だから、今この瞬間が、私たちにとっての「本当の再会」だった。
私は首だけを巡らせて、隣に寝転がる彼の横顔を見た。月明かりと星明かりに照らされたその顔は、頬がこけ、無数の傷に覆われて痛々しい。けれどその瞳の奥には、どんな困難にも屈しない強靭な生命の光が宿っていた。
「ガブ。本当に、生きててくれてよかった」
私は胸の奥から込み上げてくる熱いものを必死に堪えながら、静かに言った。もし、私が少しでも遅れていたら。もし、彼があの拷問に耐えきれずに命を落としていたら。そう考えると、今でも背筋が凍るような恐怖に襲われる。
「当たり前だ。オレがこんなとこで死ぬわけないだろ」
ガブは私の視線に気づくと、照れ隠しのように顔を背け、夜空の星を指差した。
「オレは、お前と一緒にあの『楽園』に行くって決めたんだ。お前がどんなにどんくさくても、オレが最後まで付き合ってやる」
「誰がどんくさいですって?」
私はわざとらしく頬を膨らませてみせたが、自然と口角が上がってしまった。彼はいつだってこうだ。どれだけ自分が傷ついていても、絶対に弱音を吐かず、不器用な言葉で私を安心させてくれる。

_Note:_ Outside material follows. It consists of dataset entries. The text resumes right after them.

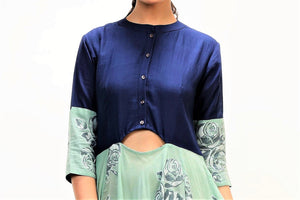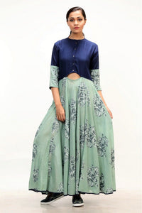 Look captivating in this teal color Jamdani maxi dress with woven rose floral motifs by Sayantan Sarkar. The dress has navy blue bodice and sleeves and cutout details on the waistline. Shop online from Pure Elegance or visit our store in USA.
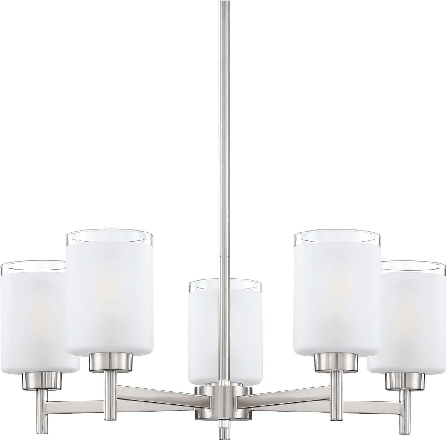 Doraimi Lighting 5 Light Chandelier Brushed Nickel Finish,Classic Style Ceiling Pendant Light Clear Frosted Glass Shade Fixture for Meeting Room Dining Room Over Table Living Room
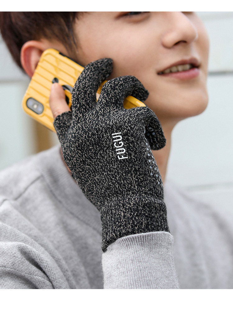 半分の指の男性の手袋の秋冬の露の2本の指の厚い保温のタッチパネルのベルベットの毛糸の防寒の屋外の騎乗のニット

私はそっと手を伸ばし、草の上を這わせて、彼の小さな手に触れた。ひんやりと冷たくて、ゴツゴツとした手。ガブは一瞬ビクッと肩を震わせたが、振り払うことはせず、そのままギュッと私の手を握り返してくれた。
言葉はもう必要なかった。果てしなく広がる星空の下。脈打つ互いの体温だけが、私たちがこうして共に生きて、同じ夜空を見上げているという紛れもない事実を証明していた。